Skyscraper complex in Shenzhen, China

Xiangmi Lake New Financial Center (香蜜湖新金融中心 (香蜜湖新金融中心, Xiāng mì hú xīn jīnróng zhōngxīn)) is a complex of four supertall skyscrapers on-hold in Shenzhen, China.

==Overview==
The complex is being built in Futian District, facing the Xiangmi Lake. It is expected to become the fourth largest financial centre in China, after Hong Kong's Central District, Shanghai's Lujiazui and Beijing's Financial Street.

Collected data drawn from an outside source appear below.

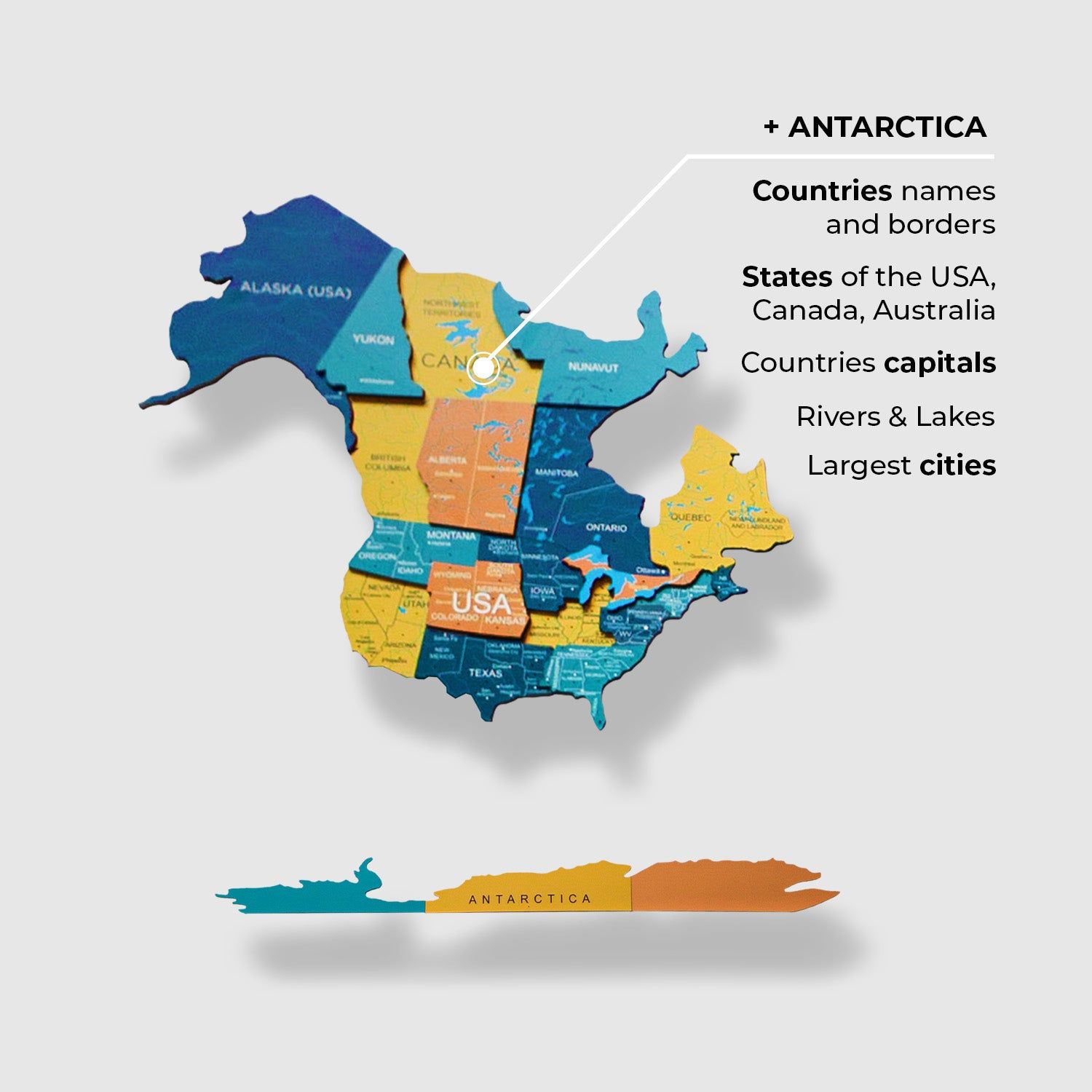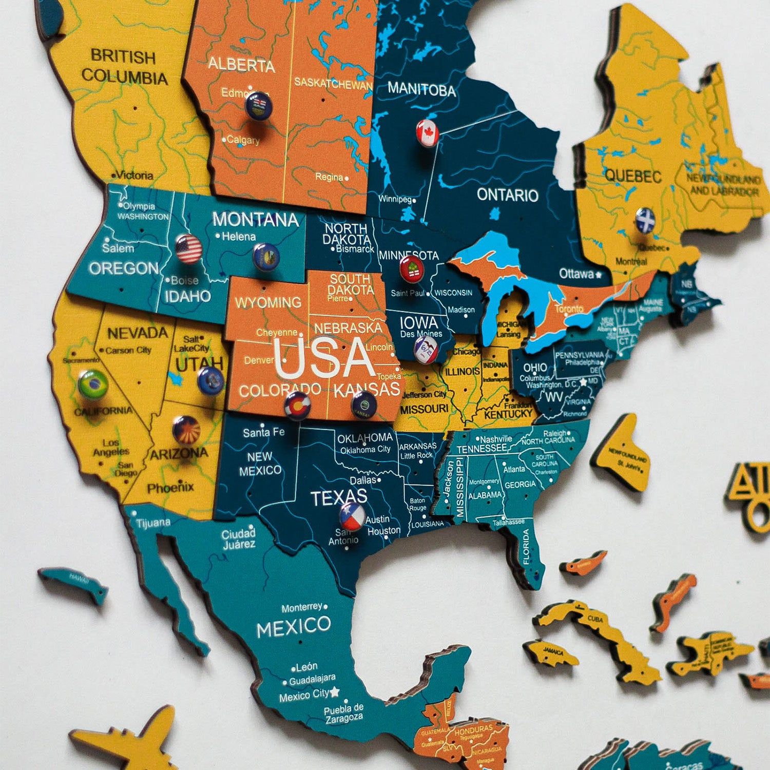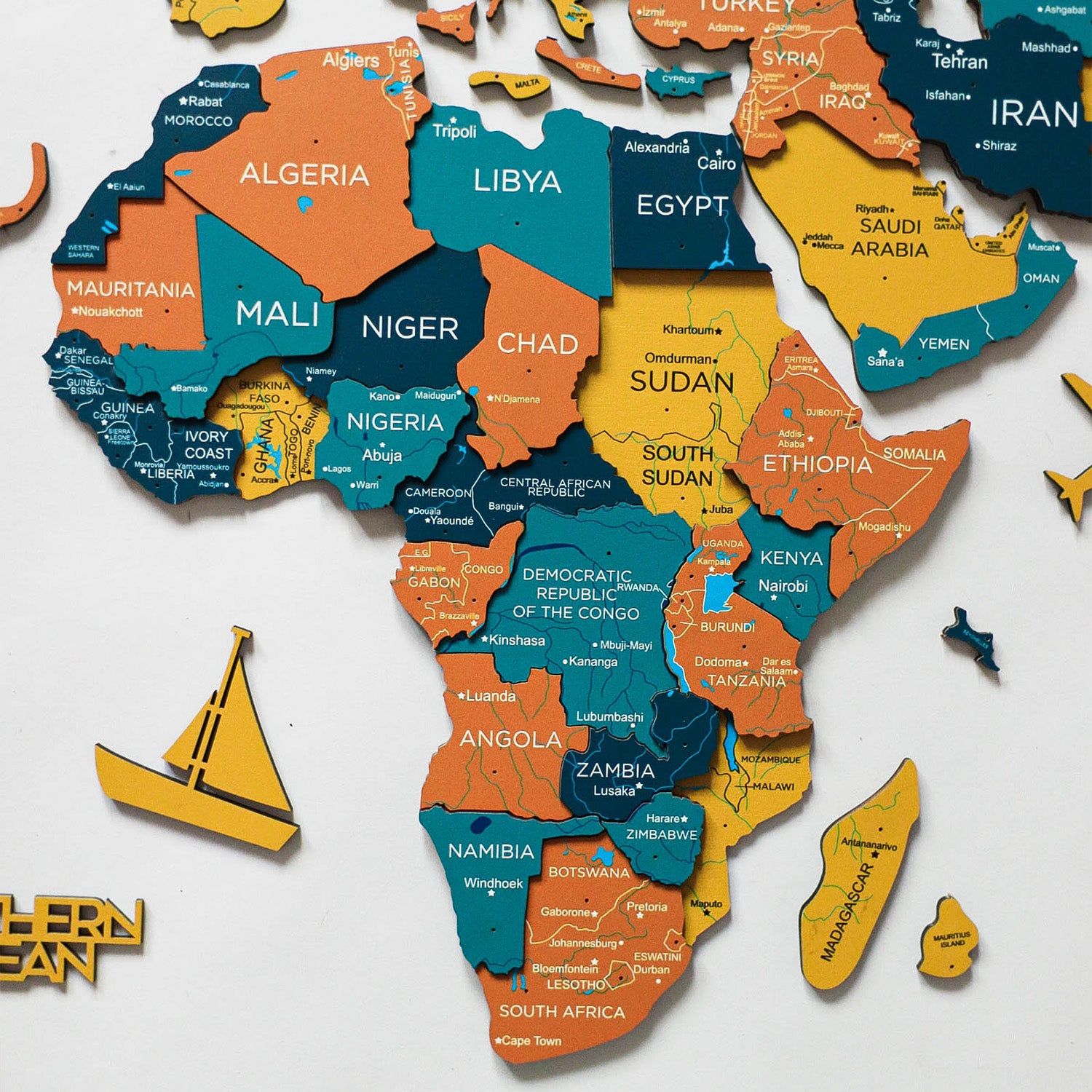 الخريطة العالمية الخشبية ثلاثية الأبعاد - إندي | متوسطة الحجم (100 × 60 سم)
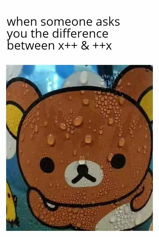 // what the hell?At first glance, adding a post-increment operator x++ should output 1, since it is supposed to increment the initial value of x by 1, making the output… 1. The same as for the pre-increment operator ++y, which does output 1. What’s going on here?
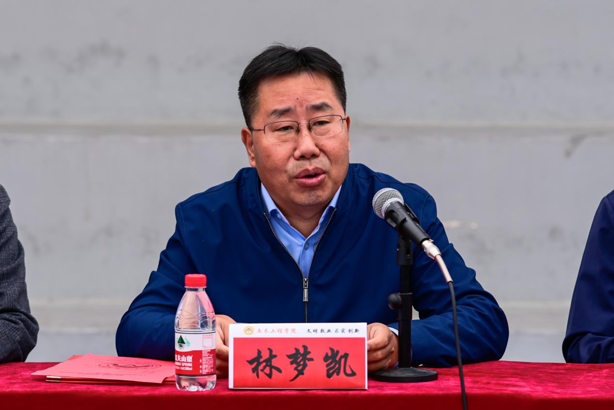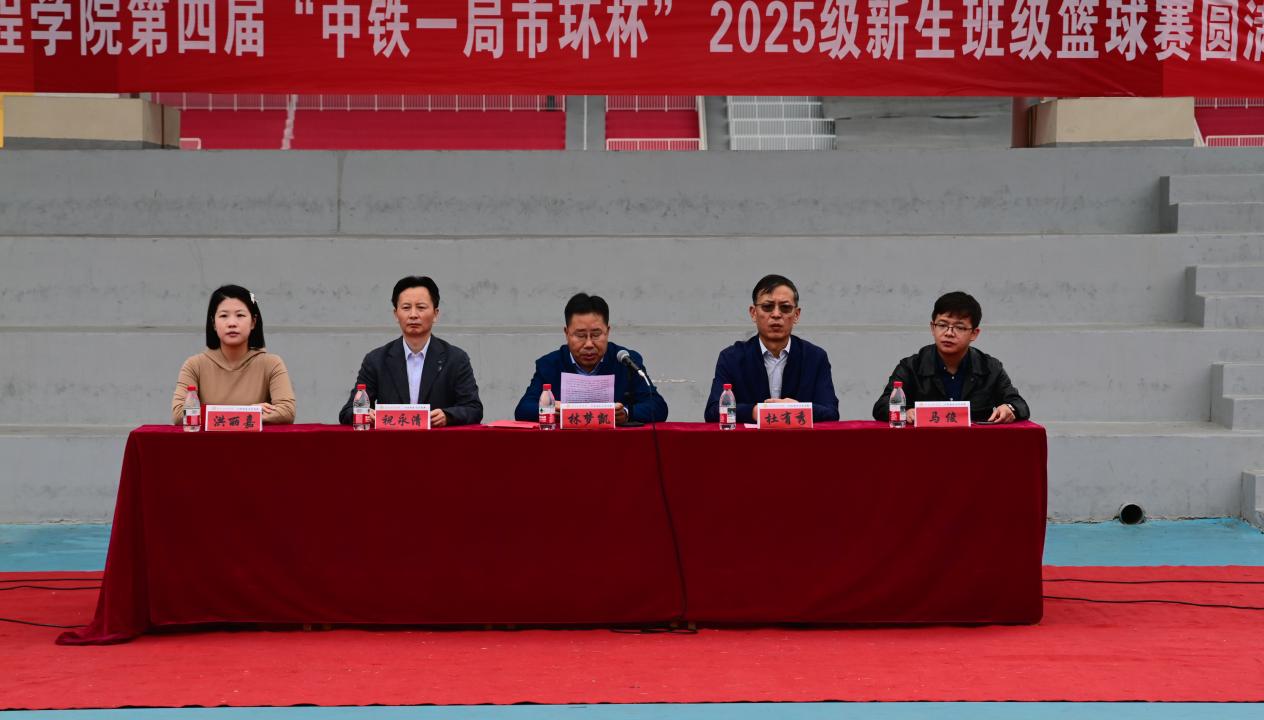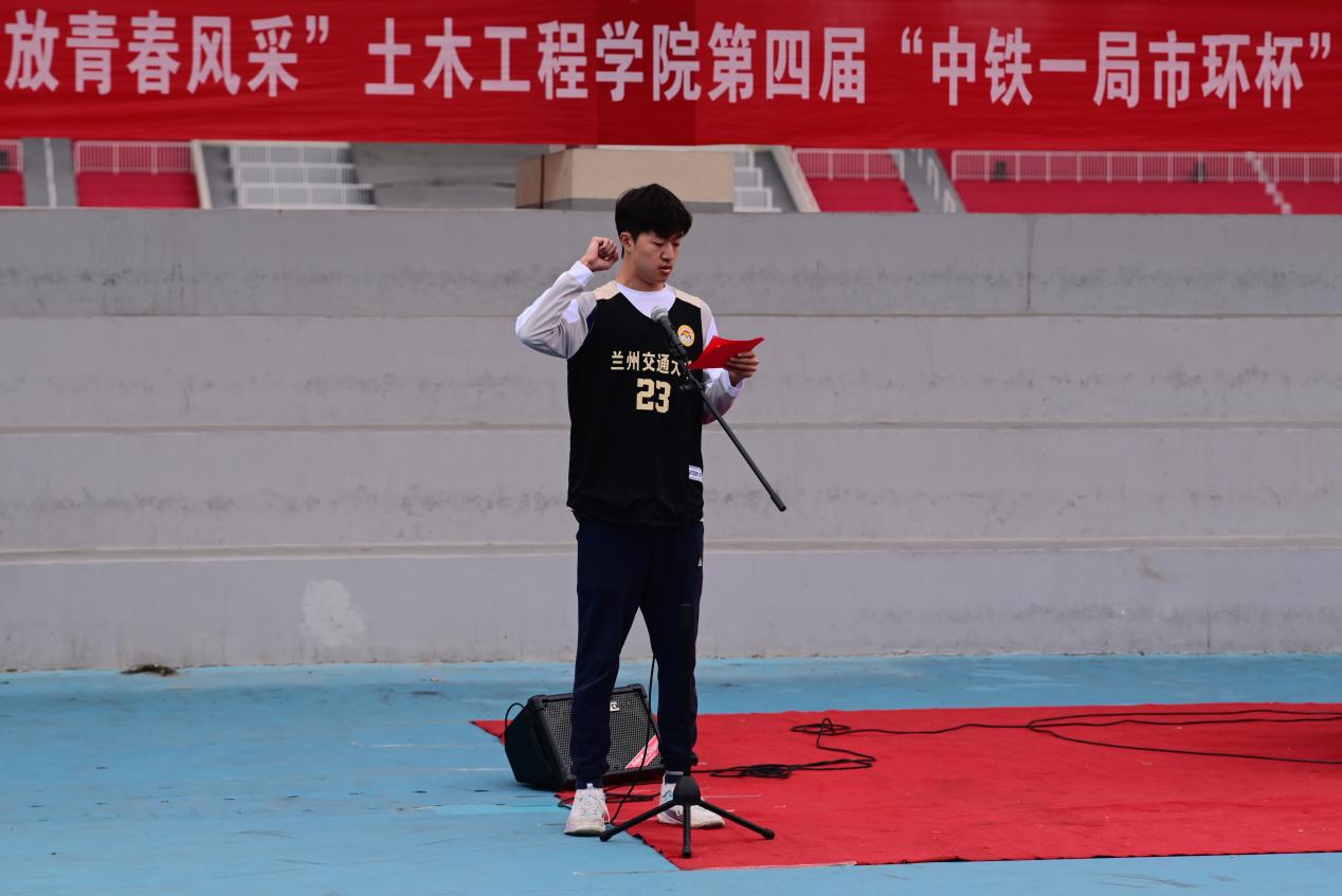 学院党委副书记、副院长林梦凯代表学院向出席开幕式的中铁一局的各位领导、各位运动员和裁判员表示热烈的欢迎!对本次中铁一局市政环保工程有限公司的大力赞助表示感谢。他指出,土木学院始终坚持“文明其精神,必先野蛮其体魄”的理念,通过院运会、迎新系列赛事、拔河争霸赛等品牌活动全面推进素质教育,连续多年校运会领跑全校,彰显“土木铁军”拼搏精神。本次篮球赛正是延续体育育人传统、深化校企联动的重要载体。并要求全体运动员以“更高、更快、更强”的奥运精神为指引,在奔跑中释放激情、在对抗中磨练意志,赛出青春本色、团队凝聚力和土木精气神,传递学子“敢打敢拼、善作善成”的卓越品质。
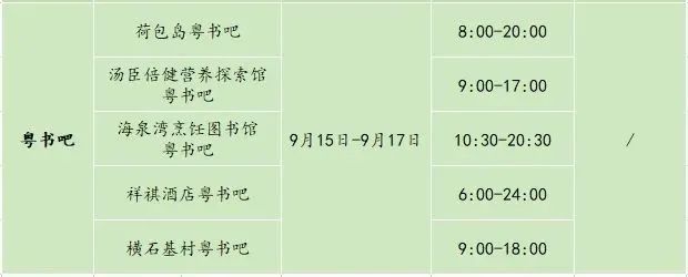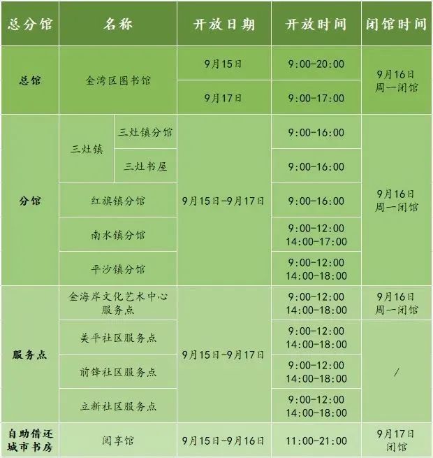 根据国务院办公厅《关于2024年部分节假日安排的通知》,金湾区图书馆总分馆2024年中秋节假期(9月15日—9月17日)开放时间安排如下:
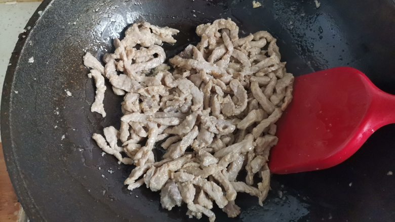 10. 起锅烧油,多倒一点油,把肉丝滑熟盛出备用
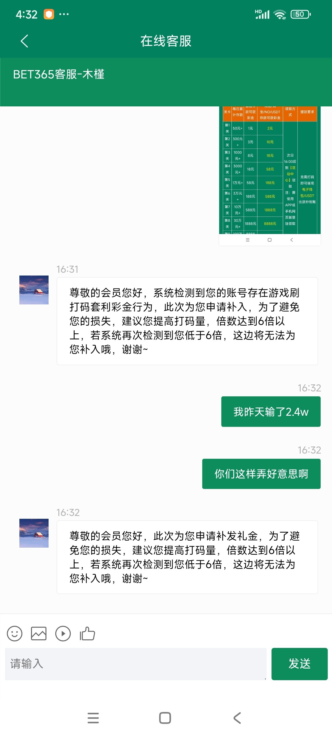 输了2.4w还几把要求那么多。以后要我打6倍流水。还说我刷流水套利,关键我充3w连4倍流水都没打到。曹尼玛越想越气。除了776这是我遇到第二个比畜生还畜生的精彩系列台子
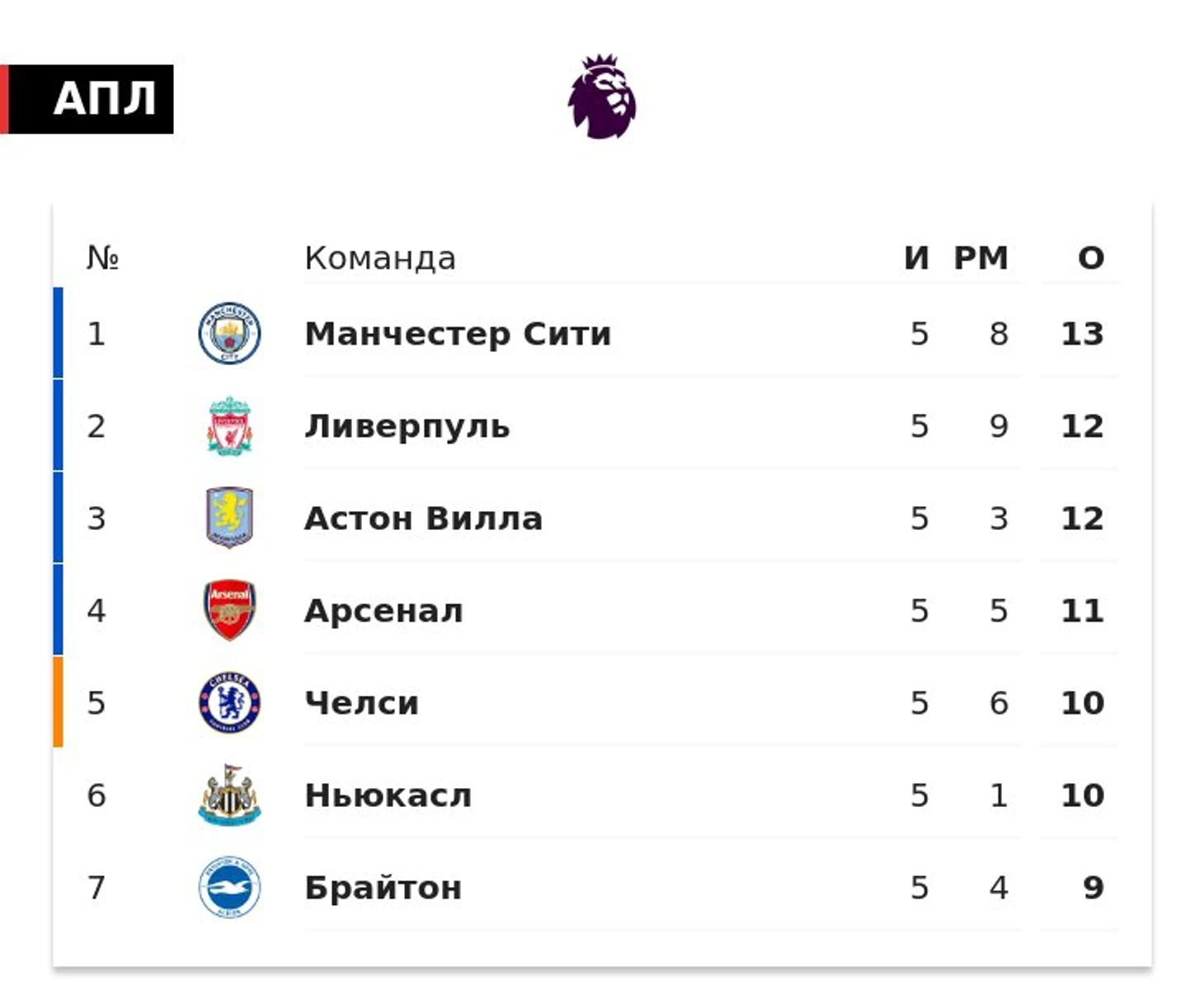 «Ман Сити» лидирует в АПЛ после 5 туров. «Ливерпуль» и «Вилла» отстают на 1 очко, «Арсенал» – на 2, «Челси» и «Ньюкасл» – на 3
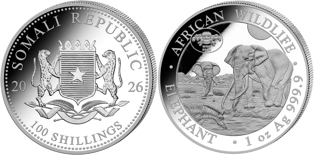 SOMALIA 100 Shillings 2026 – Elephant (privy mark World Money Fair Berlin) – 1 oz 0.999 silver BU – mintage 1,000 – diameter 38.6 mm – unknown price.
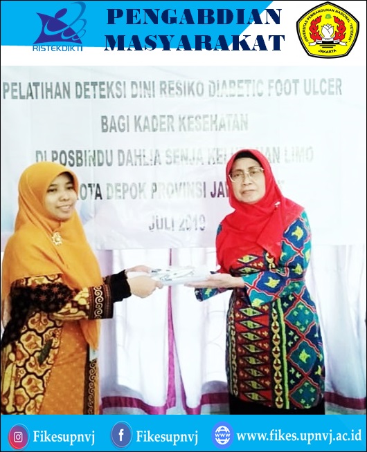 Fakultas Ilmu Kesehatan – Pada Hari Kamis, tanggal 25 Juli 2019, Dosen Keperawatan Fakultas Ilmu kesehatan Universitas Pembangunan Nasional "Veteran" Jakarta dan Mahasiswa S1 Keperawatan Fakultas Ilmu kesehatan Universitas Pembangunan Nasional "Veteran" Jakarta telah melaksanakan Pengabdian Masyarakat Tentang Pelatihan Deteksi Dini Diabetic Food Ulcer Bagi kader Kesehatan di posbindu Dahlia Senja Kelurahan Limo Kota Depok Jawa Barat. yang dihadiri oleh kurang lebih 20 kader kesehatan dari kurang 6 RW kelurahan Limo.
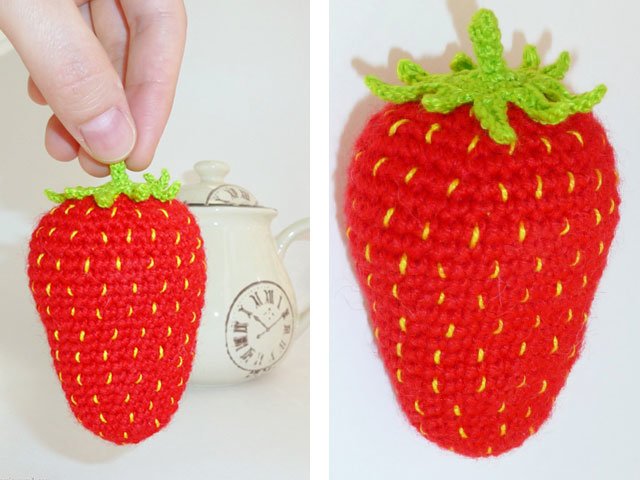 Sew the seeds with an ordinary yellow thread. We connect all the details of the berry together. Strawberry is ready!
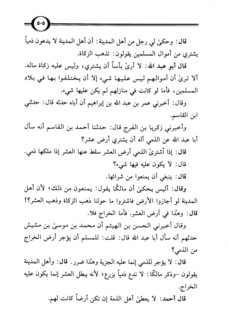 وأخبرني زكريا بن الفرج قال: حدثنا أحمد بن القاسم أنه سأل أبا عبد اللَّه عن الذمي أله أن يشتري أرض عشر؟

Xiangmi Lake New Financial Center will feature four skyscrapers:
- Tower I: 500 m, 109 floors
- Tower II: 370 m, 81 floors
- Tower III: 370 m, 80 floors
- Tower IV: 300 m, 64 floors

Upon completion, the Tower I will be the sixth tallest building in China and the 12th tallest in the world. The four high-rises account for a total floor area of 2320000 sqm.

The complex will also feature public cultural facilities such as the Shenzhen International Exchange Center, the Shenzhen Reform and Opening-up Exhibition Hall and the International Performing Arts Center.

Development is taking place on a lot with about 64000 sqm. The Shenzhen Municipal Party Committee approved the project on 24 December 2021. Construction began in November 2022 and is expected to be completed in 2026.